No. Behind the pretense remains the fact that I want you to be okay for purely selfish reasons. I want you to be okay so you can continue to listen to my random diatribes on the importance of feminism and somehow not roll your eyes, to put my jeans on hangers even though they belong on the floor, to pretend to like my meatloaf when it ends up tasting like an Ugg boot, and to palm the back of my neck when you know I’m about to say something snarky at a dinner party with people you know I don’t like. To always give me the first bite. To take my side when you know I’m wrong. To remind me when I should call my mom. To be the bigger person. To end up getting me the same Christmas present I got you. To give our children strong names and long legs and provide them with the kind of love, patience, and guidance I could never give them on my own no matter how hard I would try to mimic you. I want us to get to our 90th anniversary to prove that I eventually grow into my head. And I want to try getting us there with the only superpower I can fake: words.

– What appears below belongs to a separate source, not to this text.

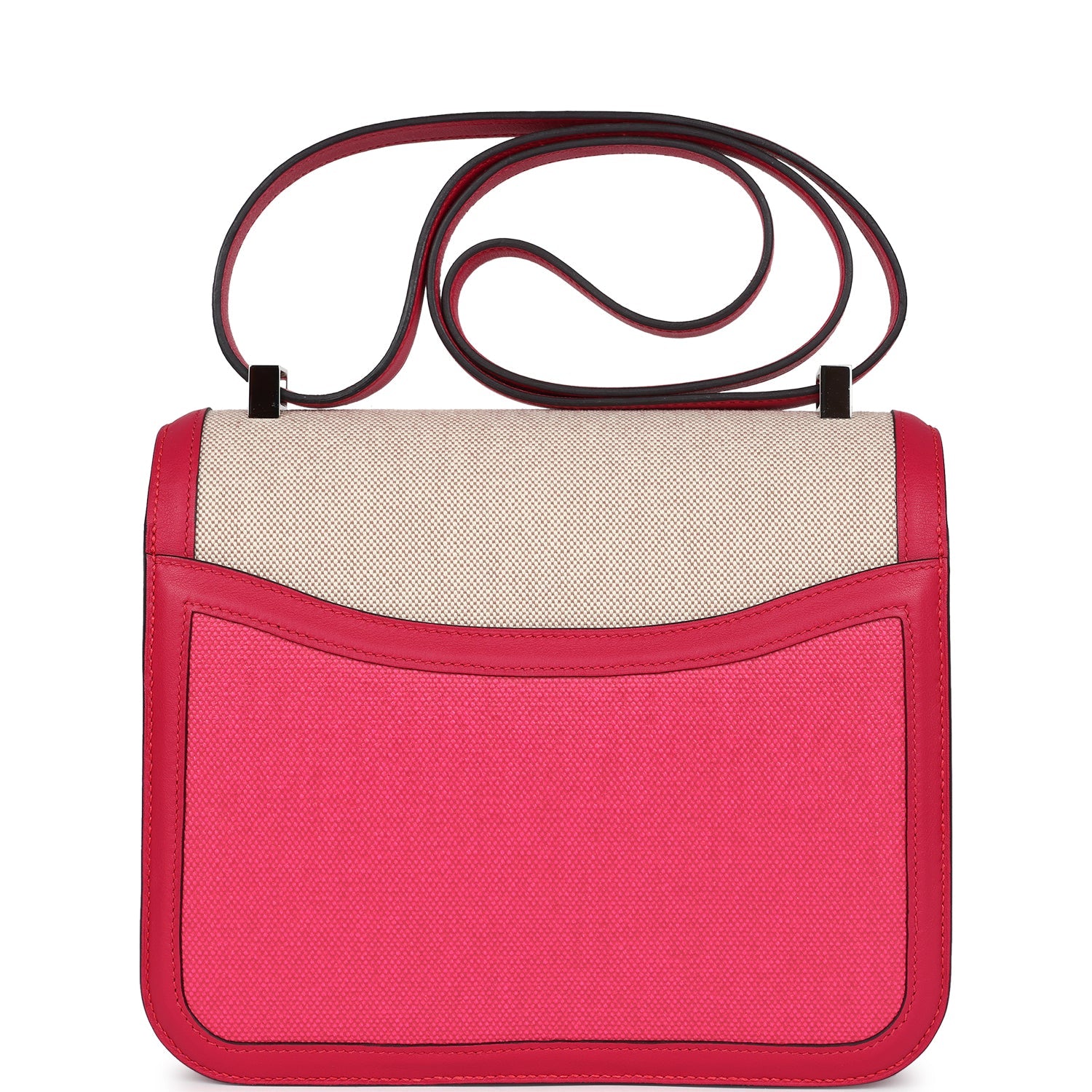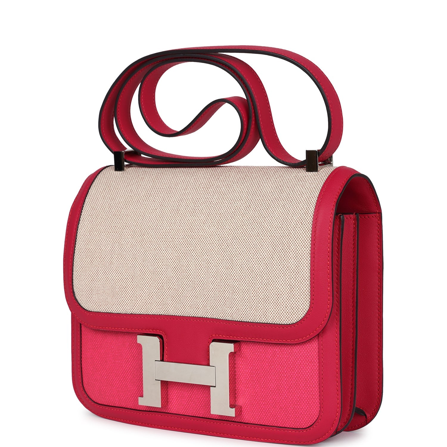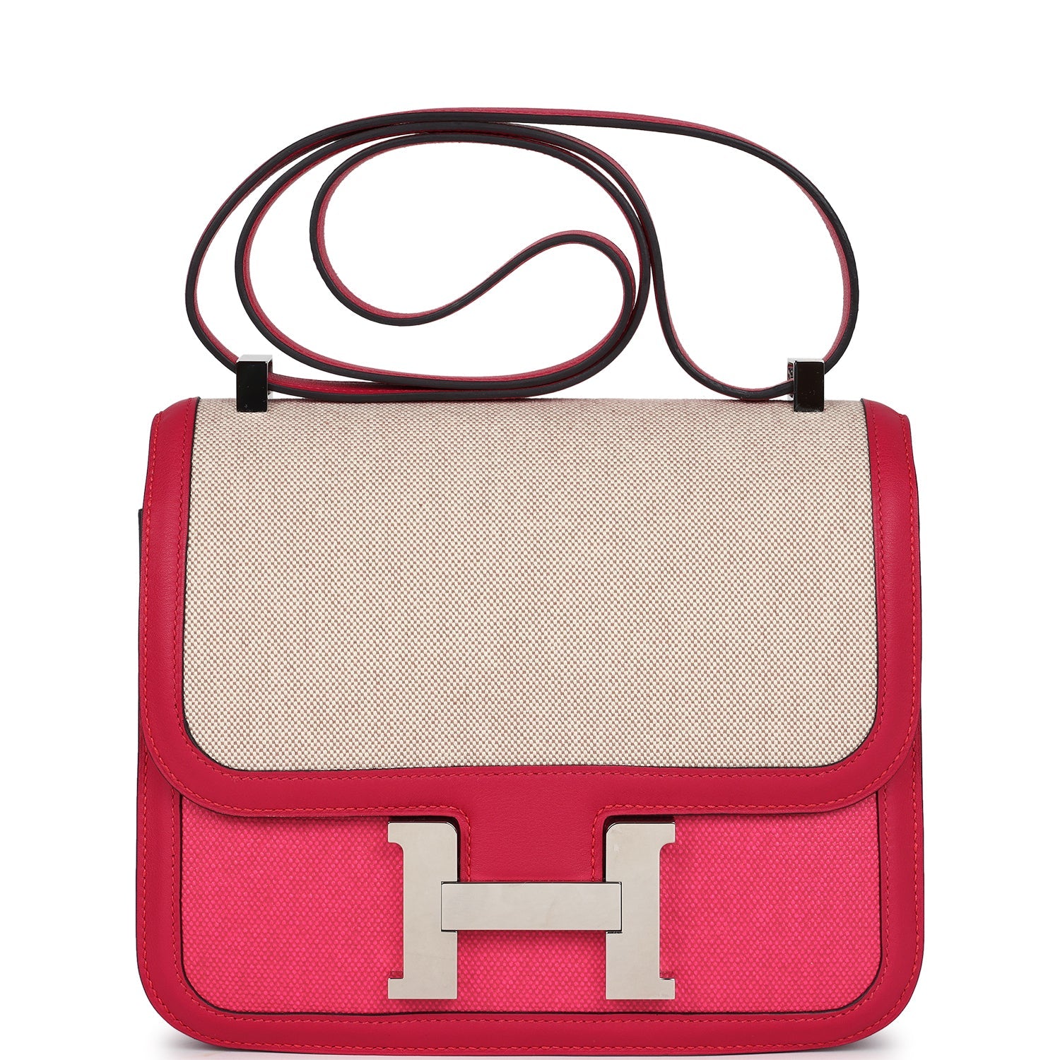 This Constance 24 is in Rose Shocking & Ecru Toile H Berline canvas and Framboise swift leather with palladium hardware and has tonal stitching. a metal "H" snap lock closure. and adjustable shoulder strap.

I guess that’s all I’m really trying to say here and what I want to continue saying with these letters: “If we have the words, there’s always a chance that we’ll find the way.” And perhaps by finding the way, we’ll be led to discover and sooner accept the difference between life as it’s imagined and life as it really is; life as it must be.

So, here’s the first of many to you, my love. Unqualified and fallible as I am, I have a knowledge of your goodness. And I want to share it. For it’s the only perfect thing about me.

Love, H

10 Responses
  • Anonymous
    January 5, 2016

    Beautiful! I may have a new ripple in my heart after reading this.

  • Michelle Mosley
    January 5, 2016

    This is beautiful Henry. I can’t say I “know” what you mean or that I “understand”. It’s just beautiful. I did almost lose my husband this past year so some of your thoughts were mine exactly. You put into words what we all want for Mackenzie, and why we want it. And what we want and pray for–for you too. In the meantime we trust.

  • Michelle Mosley
    January 5, 2016

    Beautiful. You filled my heart as I read this.

  • Mandie
    January 5, 2016

    beautiful. so lovely and pure.

  • Nonny Smith
    January 5, 2016

    Henry, you whisked me away to another, more significant place. I guess it’s that spot in my heart that keeps getting shoved aside to make room for “things” of no consequence. Just knowing Mackenzie helps me go there and want to stay.

  • Mama Rebecca
    January 5, 2016

    So here I sit in my Principal office trying to look administratively-ish (sp?) as possible and I’m crying like a sentimental mama. Oh wait, I am a sentimental mama who raised a remarkable young man who could put his feelings so succinctly into words that it becomes a movie as much as an essay. Thank you sweet son for loving one of the most beautiful women I know–Mackenzie. I am, and will always be proud to call you son.
    Love,
    “The Mama”

  • Amy Bernard
    January 6, 2016

    Wonderful Henry. You have brought me to tears but more so closer to your hearts. I love you both.

  • 'Ofa Weaver
    January 6, 2016

    Henry this warms my heart. Your love for Mackenzie exists in a way that is uplifting and is what is right with the world. Love to you and your beautiful bride…you both take my breath away.

  • Lisa Bennett.
    January 6, 2016

    Every human should be so loved.

  • Harold Miner
    February 19, 2016

    “I have a knowledge of your goodness. And I want to share it. ” This is beautiful.